The Money Trap is a 1965 American crime drama film directed by Burt Kennedy, written by Walter Bernstein based on the novel of the same name by Lionel White, and starring Glenn Ford, Elke Sommer, and Rita Hayworth. The supporting cast features Ricardo Montalbán, Joseph Cotten, and James Mitchum.

Plot

Joe Baron (Glenn Ford) is an under-appreciated, under paid cop who lives a life of luxury because of his very wealthy, beautiful, and much younger wife, Lisa Baron (Elke Sommer), and the stock that her father left behind. Unfortunately, when their stock dividends stop coming in, Joe finds himself in some serious need of cash. To further heighten Joe's concerns, Lisa intimates she is unwilling to lower her standard of living.

Joe and his partner Pete Delanos (Ricardo Montalbán) are ordered to investigate a rich and well connected doctor, Horace Van Tilden (Joseph Cotten) who shot an intruder, Phil Kenny, in his home. At the crime scene, they find an open wall safe and the intruder laying on the floor but still breathing. Joe rides in the ambulance where Kenny says he was after two bags of cash with $500,000. He gives Joe the safe combination, and then dies. Joe keeps this to himself and continues his investigation.

Joe visits Phil Kenny's Wife, Rosalie Kenny (Rita Hayworth), a waitress in a bar who is a former girl friend. That night Lisa and Joe argue. Joe storms out and goes to Rosalie and they make love. Rosalie tells Joe that Van Tilden deals drugs and that Kenny was an addict. She validates Kenny's claim that he was after $500,000. Joe gives Rosalie some money and tells her to leave town. He returns home and Lisa apologizes for the night before.

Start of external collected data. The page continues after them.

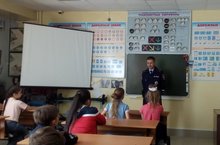 В рамках месячника безопасности в 5 классах прошла встреча с инспектором ГИБДД Воляковым Владиславом Владимировичем. В ходе беседы дети ознакомились с правилами дорожного движения, с правилами управления транспортного средства, в частности, велосипеда, узнали о причинах аварий на дорогах и мерах безопасности
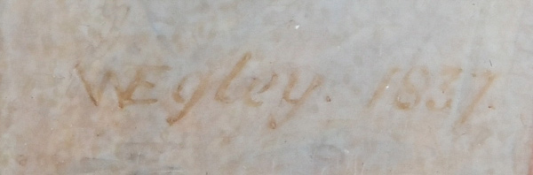 Porträt eines Mädchens mit Bilderbuch. Bunt gemalt in Puderfarben und aquarelliert auf Elfenbeinplatte, li./mittig/sign./dat. 1837, mit Passepartout hi./Gl. gerahmt. Provenienz: Sotheby's, London 25. Nov. 1979. Elfenbein-Gutachten und EU-Verkaufsgenehmigung liegen vor und können für EUR 150,00 erworben werden.
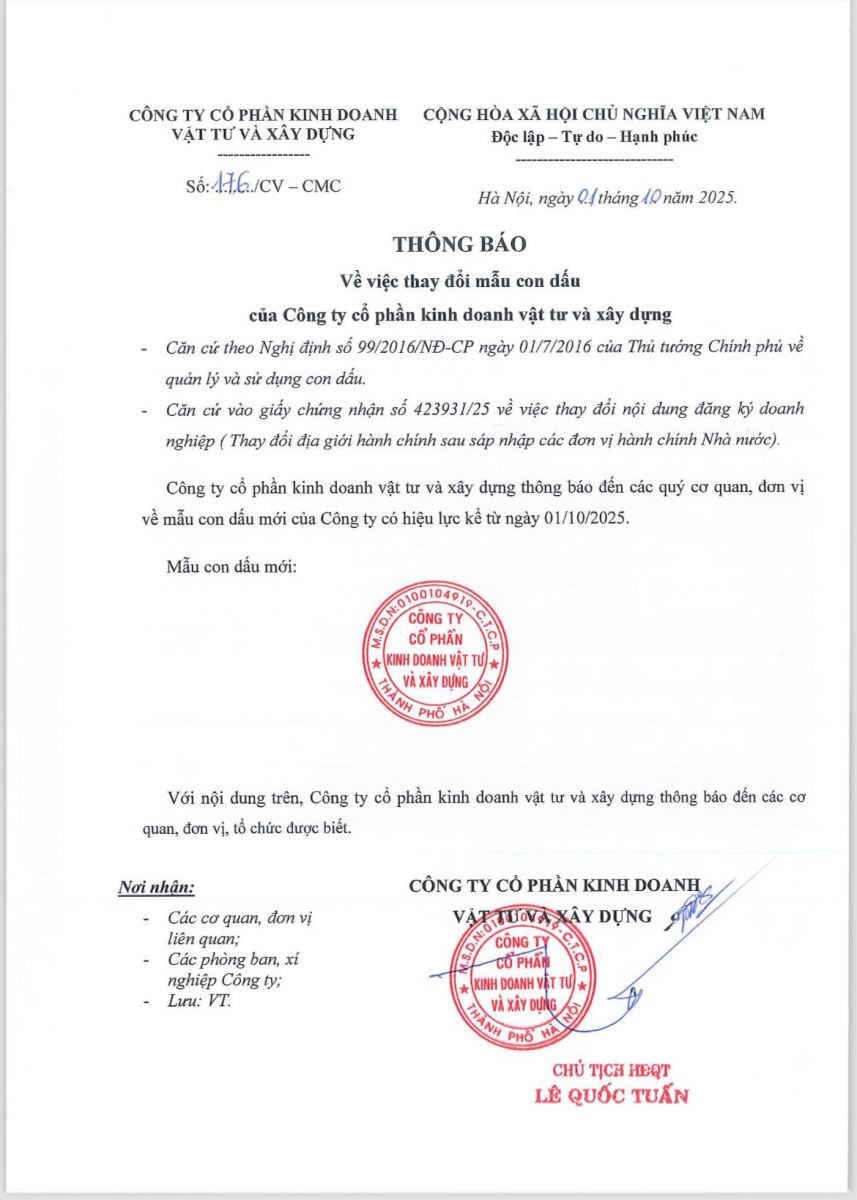 THÔNG BÁO VỀ VIỆC THAY ĐỔI MẪU DẤU MỚI CÔNG TY
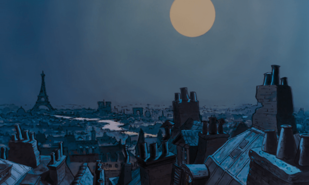 En 1970, « Les Aristochats » a aussi comme toile de fond la ville de Paris, et inévitablement, le film montre la tour Eiffel pendant le générique du début.

Later, Pete tells Joe that he "wants in". Joe reluctantly agrees and shares his plan to steal Van Tilden's cash. To their surprise, Van Tilden wants to see them. Van Tilden explains he wants to give Rosalie money, but Joe feigns ignorance as to where she lives. Van Tilden mentions he will be in Acapulco for the week, leaving that day. Joe is suspicious but moves forward with the heist. Later, Joe and Pete are sent to a crime scene where they find Rosalie sprawled on the ground. A police officer says she was pushed from a rooftop. The next day, Pete checks to make sure Van Tilden has left for Acapulco.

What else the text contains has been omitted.